I drove over 900 miles while in Texas, west from Louisiana thru Houston to San Antonio, then north thru the Hill Country to Johnson City, east to Austin, again north to Dallas, northwest towards Amarillo and then north to the Oklahoma Panhandle before going southwest back thru West Texas into New Mexico. If you can follow that, you really know your Texas geography. The three days that I spent driving were challenging; first it was the traffic in Houston, next it was the non-stop construction from Austin to Dallas, then the uber-fast drivers on two lane state highways(70mph speed limit) in West Texas that tailgated for miles and finally there was the sheer number of miles.
The topography varied from swamp in East Texas filled with oil wells and refineries, to ugly scrub land around Houston with oil wells and refineries, to flat plains with oil fields and some farm land near San Antonio. North of San Antonio was ranch country; rocky, hilly land full of cedar scrub trees. There were few public roads off State Highway 281, on which I traveled to Johnson City. Although I was told that the blue bonnets were not as numerous this year because of the lack of rain last fall, I saw them as well as other wildflowers by the roadsides each day I was in Texas. I did notice that many of the riverbeds were dry or very low throughout Texas. Northwest of Dallas as I drove State Route 287, there was beautiful grassland and high prairie.
I listened to Empire of the Summer Moon by S.C. Gwynne about the Comanches and their last chief, Quanah Parker. This gory but interesting book was a great companion, especially meaningful when I drove thru the town of Quanah north of Wichita Falls. I thought about the herds of buffalo that numbered in the millions before the Civil War, the Spanish Missions, and the years of bloody clashes between Texas settlers and Indian tribes. I looked out my car window to see cattle, oil wells, and open land. Occasionally I glimpsed wind turbines or a field of crops, but mostly it was a vast horizon with little vegetation, lots of rocky ground and a plethora of oil related apparatus. When I stopped in the Panhandle or West Texas, I was knocked over by the stench from the feedlots. At one point, I saw a feedlot that seemed to go on for almost a mile with more cattle than cranes I had seen in Nebraska.

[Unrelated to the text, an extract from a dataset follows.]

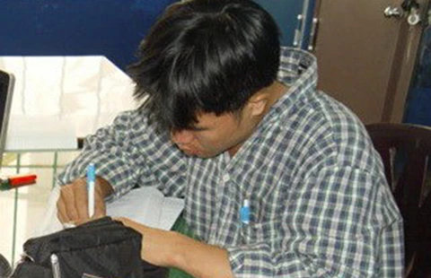 Nguyễn Tiến Long (Long “Bi”) đang viết bản tự khai tại cơ quan công an. Ảnh: CTV

It brought to mind the book, Fast Food Nation, and I remembered why I so enjoy the farmer’s market in our Michigan summer town.
The Texas small towns I drove thru were thriving in comparison to towns in Iowa, Nebraska and many of other states I’ve driven through. I don’t know if its the cattle, the oil, the gypsum or another industry but there were few empty store fronts. There’s still old Route 66 signs and spots to stop as well as Braum’s, an ice cream chain that is prevalent. On my final morning in west Texas, there was dense fog, an intense smell of petroleum in the air, and the temperature had dropped from 87 the day before in Dallas to 37 degrees. Time to move on.